Het is goed om bij het vaststellen van het antwoord op deze vraag het overduidelijke gebod in gedachten te houden dat Jehovah zijn volk betreffende het gehele wereldrijk van valse religie geeft. Dit religieuze rijk wordt Babylon de Grote genoemd omdat het veel groter in omvang is dan het Babylon uit de oudheid, maar het heeft alle kenmerken van die oude zetel van tegen Jehovah gekante aanbidding. In verband met dit rijk dringt Openbaring 18:4, 5 (NW) er bij ons op aan: „Gaat uit van haar, mijn volk, indien gij niet met haar in haar zonden wilt delen, en indien gij geen deel van haar plagen wilt ontvangen. Want haar zonden hebben zich helemaal tot aan de hemel opgehoopt, en God heeft zich haar ongerechtigheden herinnerd.”
Hoe zou een opgedragen christelijke getuige van Jehovah nu met een zuiver geweten voor een organisatie kunnen werken waarvan de gehele werkzaamheid in strijd is met Jehovah God? Jehovah God zegt dat van zijn standpunt uit bezien, deze vals-religieuze stelsels een zondenregister hebben dat zich helemaal tot aan de hemel heeft opgehoopt. Ze hebben leugens over God verteld, de mensen afgekeerd van zijn liefderijke voorzieningen voor leven en in plaats daarvan de naties gezegend bij het afslachten van de bewoners der aarde. Wie zou willen dat het werk van zijn handen de werkzaamheid van zulk een godonterend rijk zou bevorderen?
Indien iemand die belijdt een opgedragen christelijke getuige van Jehovah te zijn, een betrekking zou aanvaarden waardoor hij rechtstreeks in dienst zou staan bij een dergelijke religieuze organisatie, dan zou hij in feite een deel van die organisatie worden. Wat zouden wij, indien de persoon die zo handelde, wist wat hij deed en er toch toe overging, anders kunnen concluderen dan dat hij een afvallige is en uit de christelijke gemeente gesloten dient te worden?

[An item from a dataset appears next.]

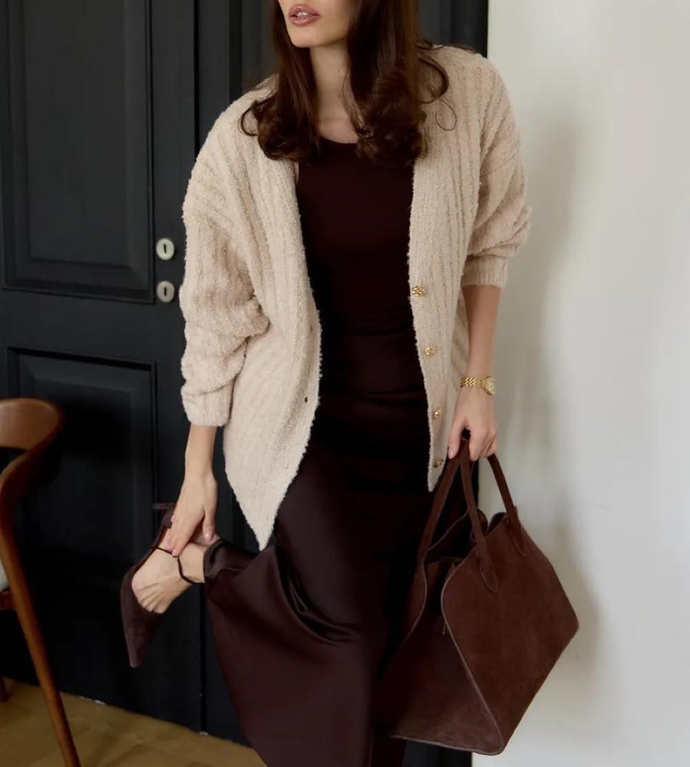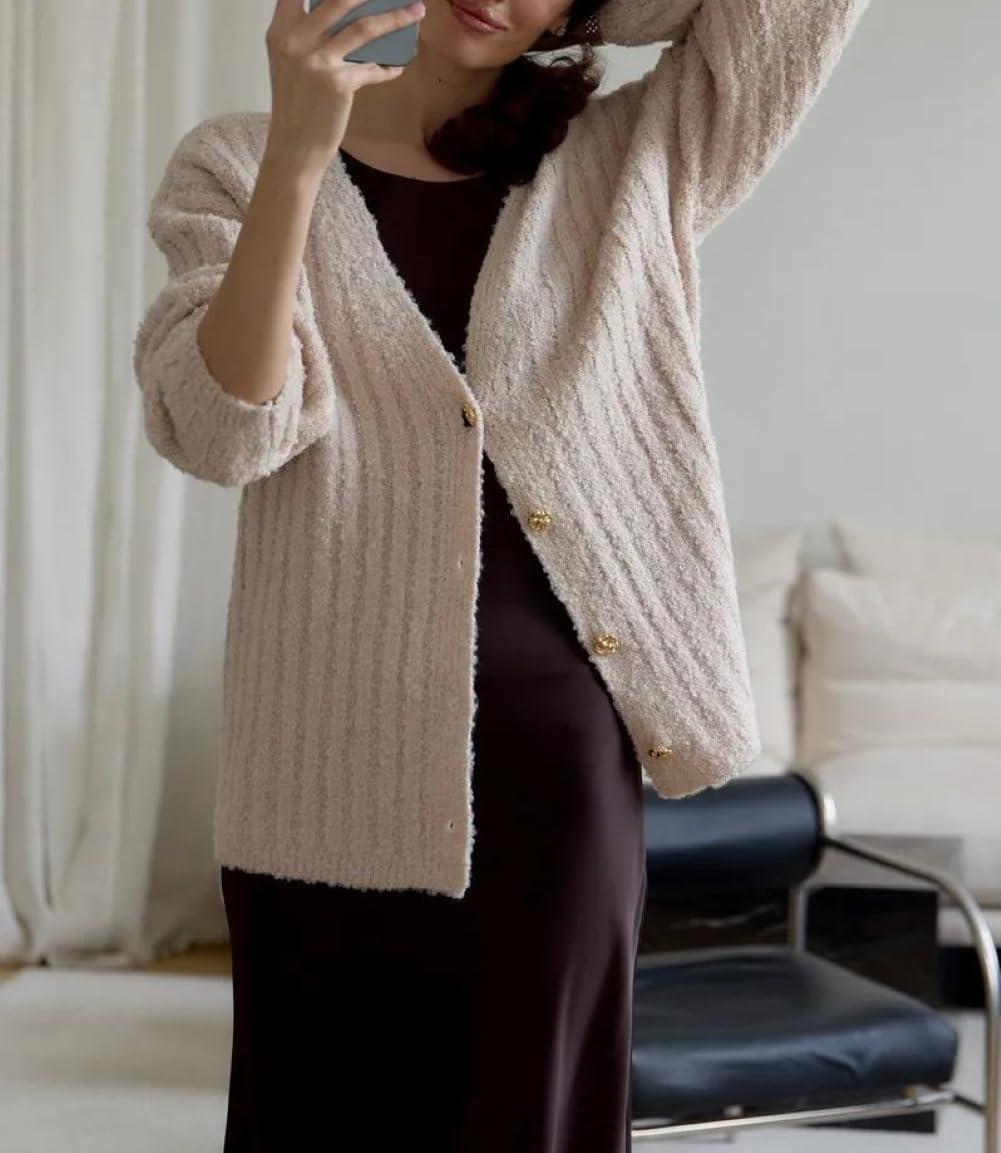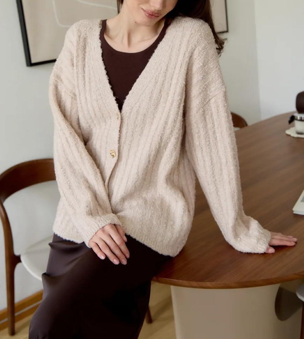 CHARTOU Women Slouchy Fuzzy Knit Cardigan Sweater/ Elegant Deep V Neck Cardigan Tops/ Button Down Long Sleeve Sweater Coat/ Women Trendy 2025 Fall Winter Vacation Clothing/ Oversized Women Maternity outfits

Het kan echter zijn dat iemand voor een wereldse commerciële werkgever werkt die regelmatig werk moet verrichten aan kerkelijke eigendommen. Hij die dergelijke werkzaamheden verricht, is weliswaar in dienst van een commerciële firma, maar door dergelijk werk als iets wat geregeld terugkomt te aanvaarden, toont hij dat hij geen rijpe christen is, en alhoewel het hem wel toegestaan zal zijn als Koninkrijksverkondiger een bericht in te leveren, zal hij geen dienaar kunnen zijn, want hij zal niet door de overige leden van de gemeente als een navolgenswaardig voorbeeld beschouwd kunnen worden. Indien de commerciële firma slechts af en toe een karweitje voor een kerk verricht, iets wat in vele beroepen voorkomt, dan zou iemand die zulk werk aanvaardt, niet ongeschikt zijn om een dienaarsambt in de gemeente te bekleden, tenzij het voor anderen in de gemeente een aanleiding tot struikelen zou worden. Ook in dit geval zou hij echter met zijn baas kunnen afspreken dat deze hem andere karweitjes toewijst, of hij zou er uit hoofde van zijn geweten de voorkeur aan kunnen geven naar een andere betrekking uit te zien waardoor hij beroepshalve in het geheel niet in aanraking komt met vals-religieuze organisaties. — 1 Petr. 3:16, NW.
Geen enkele christelijke getuige van Jehovah zal echter, daar hij weet wat de bijbel over het bericht van Babylon de Grote zegt, persoonlijk werk aannemen bij een vals-religieuze organisatie, of dit nu geregeld werk zou zijn of zo nu en dan eens een karweitje. Mocht iemand dit wel gedaan hebben, zonder de ernst van de zaak te beseffen, dan dient hij zijn situatie zo spoedig mogelijk in het reine te brengen, opdat hij tegenover God een rein geweten en bij zijn organisatie een goede reputatie behoudt. — 2 Kor. 6:16, 17, NW.
Alhoewel het af en toe moeilijk is in dit oude samenstel van dingen werk te vinden en iemand soms misschien het gevoel heeft dat hij door zijn financiële omstandigheden onder zware druk staat, kunnen wij er toch van verzekerd zijn dat als wij trouw zijn aan Jehovah God, hij onze gebeden zal blijven verhoren en onze pogingen zal zegenen ’ons brood te verkrijgen voor de dag, naar de dag het vereist’. — Luk. 11:3; Matth. 6:25-34, NW; Ps. 37:25.